Run this notebook end-to-end in Google Colab without any extra files. It installs dependencies, scrapes recent posts for a list of X.com usernames, cleans and scores sentiment, and saves CSV reports. Every editable setting is surfaced in the configuration cell so you can point the scraper at your own accounts.

In [None]:
%pip install -q --disable-pip-version-check pandas vaderSentiment matplotlib snscrape

## Helpers (defined inline)

All logic lives in this notebook. The scraper uses [`snscrape`](https://github.com/JustAnotherArchivist/snscrape) to pull posts by username without needing an API token. Sentiment is scored with VADER.

In [None]:
from dataclasses import dataclass
from pathlib import Path
from typing import List, Tuple

import pandas as pd
import snscrape.modules.twitter as sntwitter
from vaderSentiment.vaderSentiment import SentimentIntensityAnalyzer


@dataclass
class ScraperConfig:
    """Configuration for scraping X.com users and reporting sentiment."""

    usernames: List[str]
    max_posts_per_user: int = 50
    min_chars: int = 20
    output_dir: Path = Path("artifacts")
    detail_filename: str = "x_posts.csv"
    report_filename: str = "sentiment_report.csv"

    def resolved_output_dir(self) -> Path:
        return Path(self.output_dir).expanduser().resolve()


class XUserScraper:
    """Scrape posts for one or more X.com usernames."""

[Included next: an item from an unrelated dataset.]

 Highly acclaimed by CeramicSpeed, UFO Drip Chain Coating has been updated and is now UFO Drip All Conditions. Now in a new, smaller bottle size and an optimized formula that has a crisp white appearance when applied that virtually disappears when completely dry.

    def __init__(self, config: ScraperConfig):
        self.config = config
        self._analyzer = SentimentIntensityAnalyzer()

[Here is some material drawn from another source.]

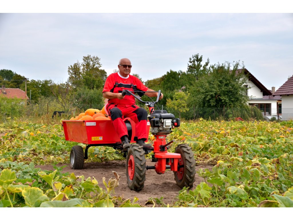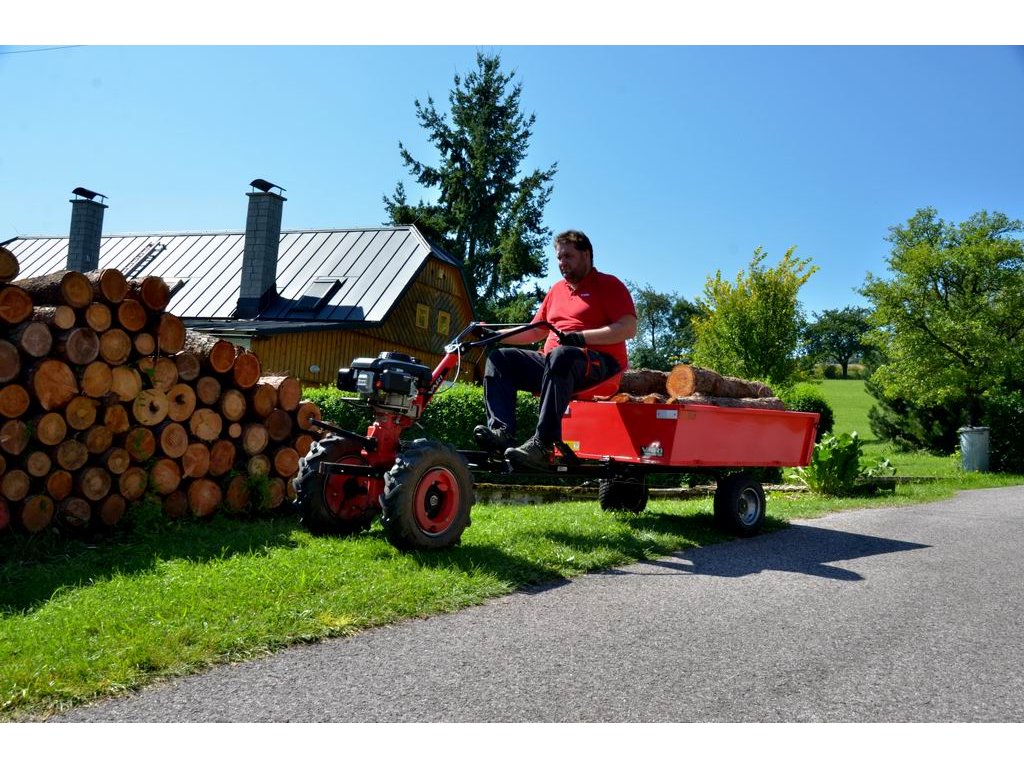 Součástí sestavy je také vyklápěcí přívěs ANV-380 s nosností 380 kg, který umožňuje snadnou přepravu dřeva, zeminy, materiálu nebo zahradního odpadu. Malotraktor tak slouží jako univerzální pomocník během celého roku.

    def scrape(self) -> pd.DataFrame:
        rows = []
        for username in self.config.usernames:
            scraper = sntwitter.TwitterUserScraper(username=username)
            for idx, tweet in enumerate(scraper.get_items()):
                if idx >= self.config.max_posts_per_user:
                    break
                rows.append(
                    {
                        "username": username,
                        "id": tweet.id,
                        "date": tweet.date.isoformat(),
                        "content": tweet.content,
                        "language": getattr(tweet, "lang", None),
                        "likeCount": tweet.likeCount,
                        "replyCount": tweet.replyCount,
                        "retweetCount": tweet.retweetCount,
                        "quoteCount": tweet.quoteCount,
                        "viewCount": getattr(tweet, "viewCount", None),
                        "url": tweet.url,
                    }
                )
        return pd.DataFrame(rows)

    def clean(self, frame: pd.DataFrame) -> pd.DataFrame:
        clean_frame = frame.copy()
        clean_frame["clean_text"] = (
            clean_frame["content"].astype(str)
            .str.replace(r"\s+", " ", regex=True)
            .str.strip()
        )
        if self.config.min_chars:
            clean_frame = clean_frame[clean_frame["clean_text"].str.len() >= self.config.min_chars]
        clean_frame.reset_index(drop=True, inplace=True)
        return clean_frame

    def score_sentiment(self, frame: pd.DataFrame) -> pd.DataFrame:
        scored = frame.copy()

        def _score_row(text: str) -> Tuple[float, str]:
            scores = self._analyzer.polarity_scores(text)
            compound = scores["compound"]
            if compound >= 0.05:
                label = "positive"
            elif compound <= -0.05:
                label = "negative"
            else:
                label = "neutral"
            return compound, label

        scored[["sentiment_score", "sentiment"]] = scored["clean_text"].apply(
            lambda text: pd.Series(_score_row(text))
        )
        return scored

    def generate_reports(self, frame: pd.DataFrame):
        output_dir = self.config.resolved_output_dir()
        output_dir.mkdir(parents=True, exist_ok=True)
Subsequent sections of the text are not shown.